In 1858 both sets of concerts were transferred to Hanover Square Rooms, and in the following year to the newly opened St James's Hall. In the same year, the Monday Popular Concerts having been set on foot, Ella's evening series was given up. His title of professor was derived from a post at the London Institution. He was honorary member of the Philharmonic Academy of Rome, and of the Philharmonic Society of Paris.

==Later life==
The Musical Union ceased to exist in 1880, when Ella gave up active work. For the last twenty years of his life he lived at 9 Victoria Square, London, where he died on 2 October 1888, after repeated attacks of paralysis.
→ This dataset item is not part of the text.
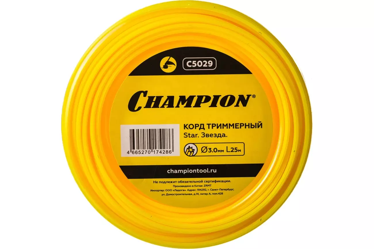 Леска для бензокосы 3.0 мм, 25 м звезда CHAMPION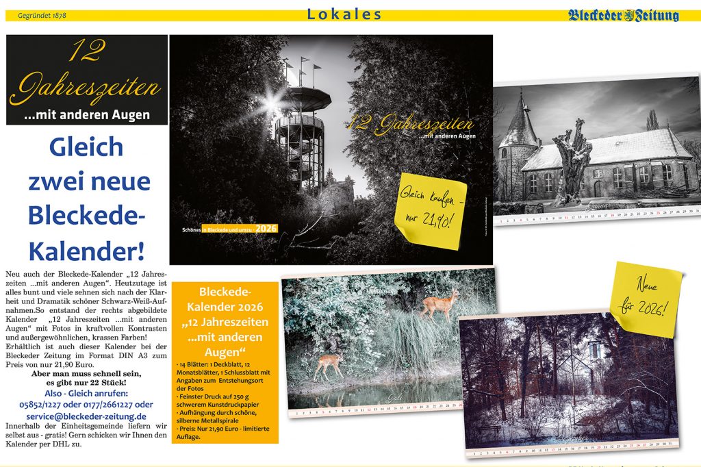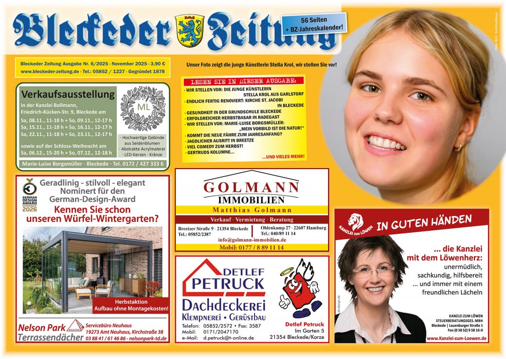 Ging es in der letzten Ausgabe auf zahllosen Sonderseiten um Brücke und Schützenfest, liegt der Schwerpunkt der aktuellen BZ diesmal auf ganz anderen Themen. Wir stellen zwei Damen vor, die ihr Augenmerk auf Kunst und Ästhetik legen: Stella Krol und Marie-Luise Borgsmüller beweisen, dass Bleckede und seine Ortsteile viel mehr zu bieten hat als schöne Landschaft und gute Luft!

For some years before his death he had been totally blind. He was buried in Brompton Cemetery on 5 October.

==Works==
He wrote a Victoria March in November 1837, almost his only experiment as a composer. In 1855 he was appointed musical lecturer to the London Institution, and the substance of three lectures on melody, harmony, and counterpoint was given in the Musical Union Record, i.e. the programmes. A set of four lectures on dramatic music was also published (1872). In 1869 he published Musical Sketches Abroad and at Home, a volume of anecdotes, autobiographical and otherwise, bearing on music. The book ran through two editions, and a third, edited by the author's friend John Belcher was published in 1878. A Personal Memoir of Meyerbeer, with Analysis of "Les Huguenots" is Ella's other important contribution to musical literature.